Petraeus won't talk about his September testimony, and he won't talk about the details of the inevitable U.S. withdrawal. But it is clear that he and his aides are preparing for the endgame. In Baqubah, General Odierno had told the Iraqis, "It's up to you to make sure [al-Qaeda] doesn't come back." One could only wonder about the fate of Sunni insurgents who had turned against the jihadis. Soon they would be facing a new foe, an Iraqi army and local police that have been notoriously awful in Diyala province -- riddled with Shi'ite death squads, incompetence and corruption. Petraeus' "all in" bet relies on the police recruits squatting sullenly in Yusufia, indulging his cheerleading -- "Are you ready to fight for your country?" Certainly, they were ready to fight for their families, their tribes, their mosques ... but for a Shi'ite Iraq? Probably not.
"The vision thing is really important," Petraeus told his commanders in Yusufia. "You have to visualize what security here should look like when you're gone." Petraeus was among the first to have the vision thing in Iraq, in Mosul in 2003, but the experiment was abandoned -- there was a lack of sufficient troops -- after he left.
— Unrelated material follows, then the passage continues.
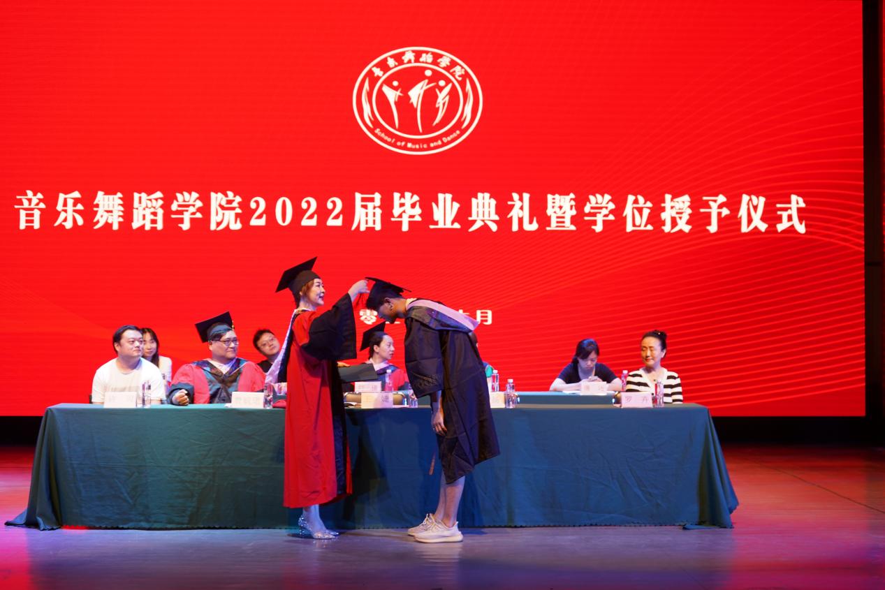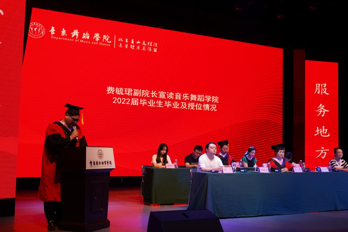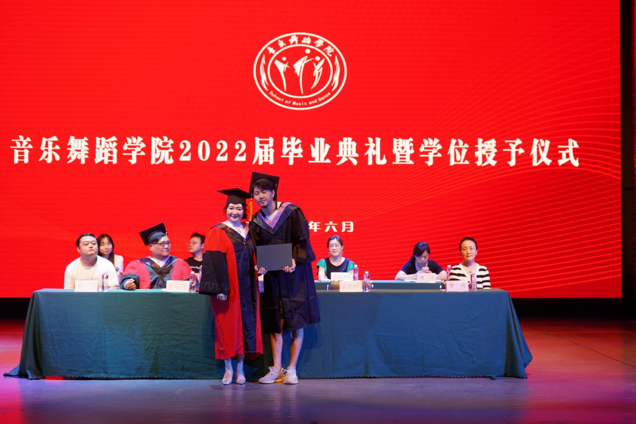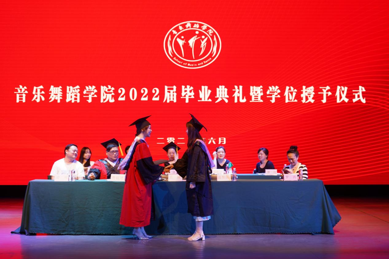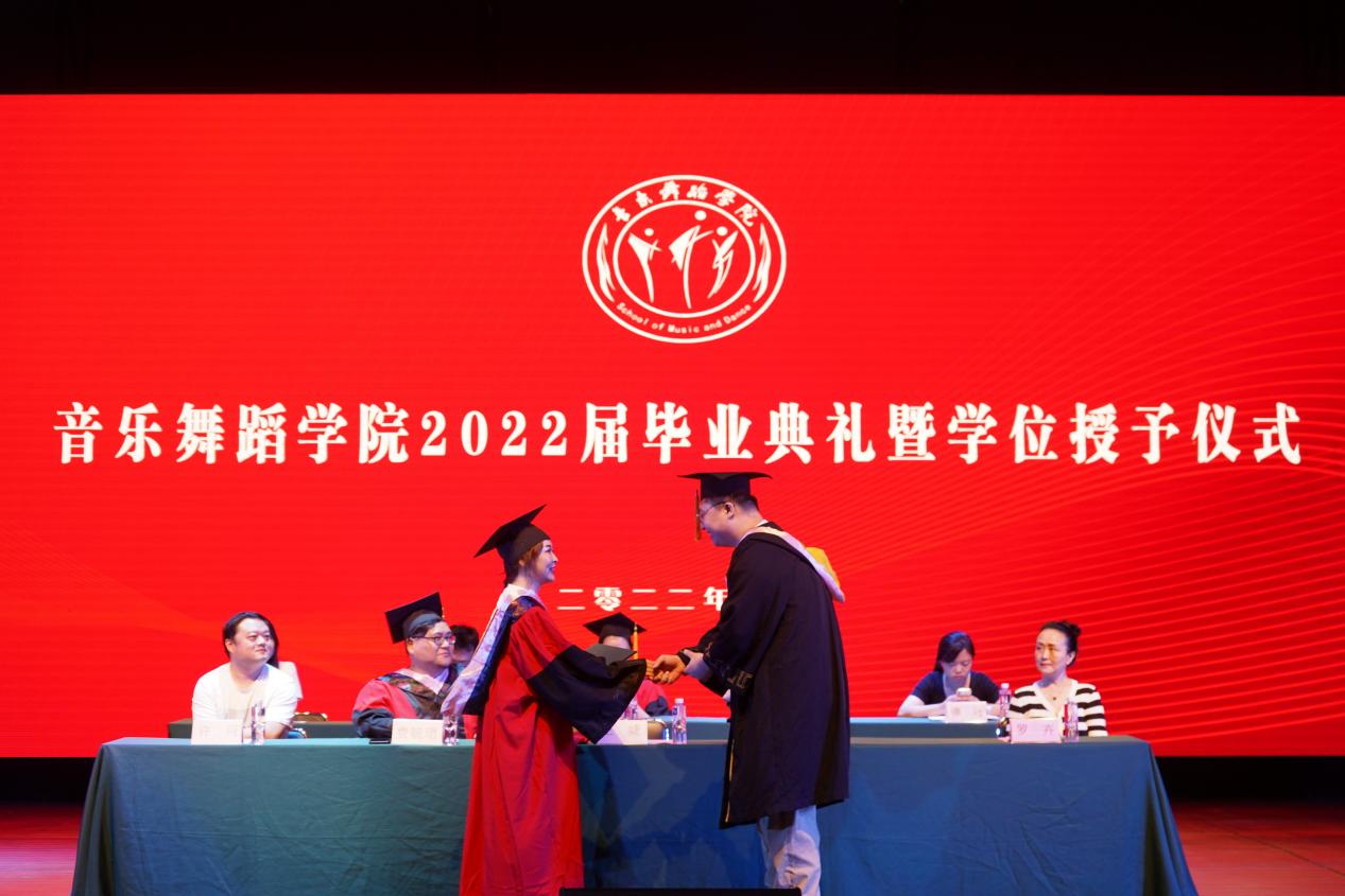 6月21日上午,学校小剧场内光影闪烁、真情漫溢,新葡的京集团350vip88882022届毕业典礼暨学位授予仪式在此隆重举行。350vip8888新葡的京学位评定委员会委员,艺术学学士分委员会副主任,新葡的京集团350vip8888经理王婕副教授;党总支书记温赞扬副教授;艺术学学士分委员委员,副经理费毓珺副教授;艺术学学士分委员会委员刘倩副教授和教师代表们共同祝贺2022届音乐表演专业的144名毕业生圆满完成学业。

McCain and others believe, with some justification, that if the Petraeus counterinsurgency tactics had been adopted three years ago, the U.S.-led coalition might have had a shot. But now it seems likely that Petraeus will suffer the same fate in Baghdad as he did in Mosul. The various clocks are very much on his mind, but so are the daily sacrifices, the brilliant improvisations and occasional neighborhood victories of the troops he leads. "He doesn't want to be the fall guy," an aide said. And he doesn't deserve to be. It is hard to imagine, though, how this can turn out any other way.